Spotify vs Apple Music: The clash between the two biggest music streaming services

22 Mar 2019
other/news Spotify vs. Apple Music; The clash between the two biggest music streaming services.


You might already have heard about it: Spotify launched a campaign against Apple Music with 3 major facts summed up that state that Apple Music is not playing by the rules and is mistreating Spotify. Spotify launched a website called It’s Time to Play Fair to show the world what’s happening in the music streaming world.

What are Spotify’s arguments?


Spotify wouldn’t launch such a big and direct campaign without major arguments, so they made a list of facts:

1. The 30% ‘’Apple tax’’ and no discount deals.

The first fact is a big hit. Spotify states that they must give Apple a 30% of every subscription fee that comes through IOS devices.
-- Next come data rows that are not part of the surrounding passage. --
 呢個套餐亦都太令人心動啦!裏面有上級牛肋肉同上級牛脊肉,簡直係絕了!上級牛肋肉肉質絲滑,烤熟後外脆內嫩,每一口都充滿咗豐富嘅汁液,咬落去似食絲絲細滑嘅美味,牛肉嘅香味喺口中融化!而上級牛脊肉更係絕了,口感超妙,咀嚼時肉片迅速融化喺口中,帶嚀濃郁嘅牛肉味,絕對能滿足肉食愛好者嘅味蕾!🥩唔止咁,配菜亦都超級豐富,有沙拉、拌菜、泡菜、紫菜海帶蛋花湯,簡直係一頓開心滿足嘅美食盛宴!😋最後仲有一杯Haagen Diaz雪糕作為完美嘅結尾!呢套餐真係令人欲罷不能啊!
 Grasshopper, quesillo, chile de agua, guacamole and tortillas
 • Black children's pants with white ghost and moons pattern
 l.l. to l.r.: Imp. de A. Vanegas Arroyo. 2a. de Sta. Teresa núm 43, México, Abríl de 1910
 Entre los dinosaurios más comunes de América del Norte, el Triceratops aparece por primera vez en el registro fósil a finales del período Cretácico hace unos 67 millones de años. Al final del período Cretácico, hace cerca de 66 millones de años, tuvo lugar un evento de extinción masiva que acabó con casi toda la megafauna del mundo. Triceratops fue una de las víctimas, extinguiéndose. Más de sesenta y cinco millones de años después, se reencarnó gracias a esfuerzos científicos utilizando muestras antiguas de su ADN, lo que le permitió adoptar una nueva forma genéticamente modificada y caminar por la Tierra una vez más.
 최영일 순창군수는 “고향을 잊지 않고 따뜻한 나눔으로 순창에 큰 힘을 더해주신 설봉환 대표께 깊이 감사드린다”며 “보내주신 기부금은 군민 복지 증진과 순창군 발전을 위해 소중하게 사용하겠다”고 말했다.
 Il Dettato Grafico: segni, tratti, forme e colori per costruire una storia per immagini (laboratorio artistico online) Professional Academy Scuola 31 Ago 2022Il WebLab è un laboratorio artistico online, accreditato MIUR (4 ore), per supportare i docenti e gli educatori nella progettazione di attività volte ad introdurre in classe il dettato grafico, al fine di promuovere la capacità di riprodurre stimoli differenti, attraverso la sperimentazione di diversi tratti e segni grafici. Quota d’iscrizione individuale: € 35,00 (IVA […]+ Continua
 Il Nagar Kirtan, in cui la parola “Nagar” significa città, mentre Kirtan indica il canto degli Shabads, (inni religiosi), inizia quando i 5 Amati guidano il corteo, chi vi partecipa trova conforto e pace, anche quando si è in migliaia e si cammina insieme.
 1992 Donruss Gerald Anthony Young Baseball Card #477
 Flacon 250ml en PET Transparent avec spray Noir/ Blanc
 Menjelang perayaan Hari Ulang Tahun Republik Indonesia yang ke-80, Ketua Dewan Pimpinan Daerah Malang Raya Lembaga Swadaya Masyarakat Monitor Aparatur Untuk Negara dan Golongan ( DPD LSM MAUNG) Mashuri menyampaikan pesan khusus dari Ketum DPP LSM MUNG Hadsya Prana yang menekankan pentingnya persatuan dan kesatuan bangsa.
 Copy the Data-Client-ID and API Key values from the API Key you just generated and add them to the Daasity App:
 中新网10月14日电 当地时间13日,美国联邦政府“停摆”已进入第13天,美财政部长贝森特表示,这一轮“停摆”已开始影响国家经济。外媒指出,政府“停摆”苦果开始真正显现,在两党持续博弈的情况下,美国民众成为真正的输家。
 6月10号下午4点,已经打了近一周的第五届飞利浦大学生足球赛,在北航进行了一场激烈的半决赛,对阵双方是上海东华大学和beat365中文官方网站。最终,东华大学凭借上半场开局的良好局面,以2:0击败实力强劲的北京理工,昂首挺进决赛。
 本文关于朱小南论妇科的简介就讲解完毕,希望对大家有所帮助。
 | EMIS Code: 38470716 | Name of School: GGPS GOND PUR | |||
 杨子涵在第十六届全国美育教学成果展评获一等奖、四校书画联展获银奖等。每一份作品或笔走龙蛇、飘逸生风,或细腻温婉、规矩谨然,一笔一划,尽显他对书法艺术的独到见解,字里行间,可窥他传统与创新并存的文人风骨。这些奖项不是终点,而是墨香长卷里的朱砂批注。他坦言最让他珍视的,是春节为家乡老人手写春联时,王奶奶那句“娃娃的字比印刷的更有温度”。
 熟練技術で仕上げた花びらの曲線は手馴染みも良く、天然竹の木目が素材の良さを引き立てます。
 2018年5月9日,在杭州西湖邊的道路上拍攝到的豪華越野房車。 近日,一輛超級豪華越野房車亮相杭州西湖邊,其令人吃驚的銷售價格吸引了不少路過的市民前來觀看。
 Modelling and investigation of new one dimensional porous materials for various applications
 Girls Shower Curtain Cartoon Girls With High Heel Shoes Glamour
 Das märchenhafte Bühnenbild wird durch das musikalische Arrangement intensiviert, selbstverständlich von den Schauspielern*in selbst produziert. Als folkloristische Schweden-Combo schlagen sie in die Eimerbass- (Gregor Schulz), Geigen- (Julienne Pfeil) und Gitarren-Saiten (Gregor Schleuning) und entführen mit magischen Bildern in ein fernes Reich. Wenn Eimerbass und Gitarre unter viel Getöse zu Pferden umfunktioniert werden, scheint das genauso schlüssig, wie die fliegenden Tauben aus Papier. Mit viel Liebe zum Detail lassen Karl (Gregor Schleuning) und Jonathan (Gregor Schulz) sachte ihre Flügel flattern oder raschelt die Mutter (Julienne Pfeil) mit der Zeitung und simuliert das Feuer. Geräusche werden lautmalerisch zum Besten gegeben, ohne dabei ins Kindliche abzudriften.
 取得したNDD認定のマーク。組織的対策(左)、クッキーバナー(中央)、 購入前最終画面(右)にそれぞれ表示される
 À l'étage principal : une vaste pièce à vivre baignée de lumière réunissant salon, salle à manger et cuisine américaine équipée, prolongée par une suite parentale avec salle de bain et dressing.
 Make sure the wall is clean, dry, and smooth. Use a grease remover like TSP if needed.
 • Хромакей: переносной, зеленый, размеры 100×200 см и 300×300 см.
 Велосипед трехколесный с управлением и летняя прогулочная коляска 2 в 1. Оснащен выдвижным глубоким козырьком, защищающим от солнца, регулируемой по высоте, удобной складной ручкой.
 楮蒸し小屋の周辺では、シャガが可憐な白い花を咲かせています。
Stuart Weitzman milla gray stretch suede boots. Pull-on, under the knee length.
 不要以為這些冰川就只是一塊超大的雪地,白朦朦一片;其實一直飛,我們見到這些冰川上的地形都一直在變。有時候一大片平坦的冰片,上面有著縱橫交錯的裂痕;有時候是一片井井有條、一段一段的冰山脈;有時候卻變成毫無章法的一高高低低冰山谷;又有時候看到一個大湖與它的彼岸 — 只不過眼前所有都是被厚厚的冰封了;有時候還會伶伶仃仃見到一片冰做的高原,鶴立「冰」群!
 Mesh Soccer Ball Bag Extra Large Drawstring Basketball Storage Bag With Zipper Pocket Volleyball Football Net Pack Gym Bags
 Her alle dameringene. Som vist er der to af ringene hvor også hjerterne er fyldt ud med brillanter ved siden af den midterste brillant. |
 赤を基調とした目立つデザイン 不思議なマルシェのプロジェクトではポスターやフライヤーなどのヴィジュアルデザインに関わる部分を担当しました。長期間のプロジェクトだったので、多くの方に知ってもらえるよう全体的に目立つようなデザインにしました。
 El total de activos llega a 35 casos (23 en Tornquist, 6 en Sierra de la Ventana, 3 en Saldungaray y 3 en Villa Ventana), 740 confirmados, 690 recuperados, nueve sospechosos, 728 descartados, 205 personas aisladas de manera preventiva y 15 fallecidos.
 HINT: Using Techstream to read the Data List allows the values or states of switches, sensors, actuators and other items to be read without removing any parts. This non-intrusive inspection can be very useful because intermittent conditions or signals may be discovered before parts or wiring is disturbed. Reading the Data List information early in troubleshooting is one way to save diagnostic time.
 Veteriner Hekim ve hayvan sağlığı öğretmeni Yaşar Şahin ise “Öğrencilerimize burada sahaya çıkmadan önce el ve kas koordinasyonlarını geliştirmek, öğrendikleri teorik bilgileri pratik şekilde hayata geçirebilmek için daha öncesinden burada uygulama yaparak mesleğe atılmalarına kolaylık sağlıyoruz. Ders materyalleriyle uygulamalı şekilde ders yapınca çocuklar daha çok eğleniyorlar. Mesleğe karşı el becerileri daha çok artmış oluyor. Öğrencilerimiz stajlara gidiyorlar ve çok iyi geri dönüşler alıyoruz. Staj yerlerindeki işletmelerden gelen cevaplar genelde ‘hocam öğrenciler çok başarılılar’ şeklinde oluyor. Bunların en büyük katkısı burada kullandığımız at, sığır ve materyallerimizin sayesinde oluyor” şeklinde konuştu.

Spotify also has its 99c for three months of Spotify Premium campaign, which Apple completely blocks. 

''Apple requires that certain apps pay a 30% fee for use of their in-app purchase system (IAP) – as is their prerogative. However, the reality is that the rules are not applied evenly across the board. Does Uber pay it? No. Deliveroo? No. Does Apple Music pay it? No. So Apple gives the advantage to its own services.''

2. There is no easy way for users to upgrade their Spotify account to Premium.

If you want to upgrade your Free Spotify account to a Premium account, you have to go through multiple steps and Spotify states that Apple makes this process extra hard. 

''If users want to upgrade from our Free service to Premium, great, we’d love to have them! But Apple bars us from offering that option in our app, instead, forcing users to take multiple steps of going to a browser or desktop. Some of our users don’t even have a desktop. And to top it off, we can’t even tell them that or point them in the right direction. You have to figure it out all on your own.''

3. Apple rejects any compatibilities with its software and home improvements.

If you have an iPhone, you can try this yourself: ‘’Hey Siri, play Martin Garrix on Spotify’’. Siri will tell you that this action is not possible and redirects you to their music app (to Apple Music, of course). Spotify states that this is not fair. Apple also suppresses any technical improvements to the Spotify app in IOS. 

''We are all about ubiquity (being there for you wherever and whenever you want). And Spotify is lucky to be available for fans around the world on nearly every other speaker – except for Apple’s. Apple won’t allow us to be on HomePod and they definitely won’t let us connect with Siri to play your jams. And don’t forget about the Apple Watch. We were ready to be on devices months before Apple would even give us a shot – limiting your experience and choice. Of course, you can play Apple Music though.''

How is Apple responding to this?

When you know nothing about the clash in the music streaming world, you might think Spotify is completely right and Apple is the culprit, but are they really? 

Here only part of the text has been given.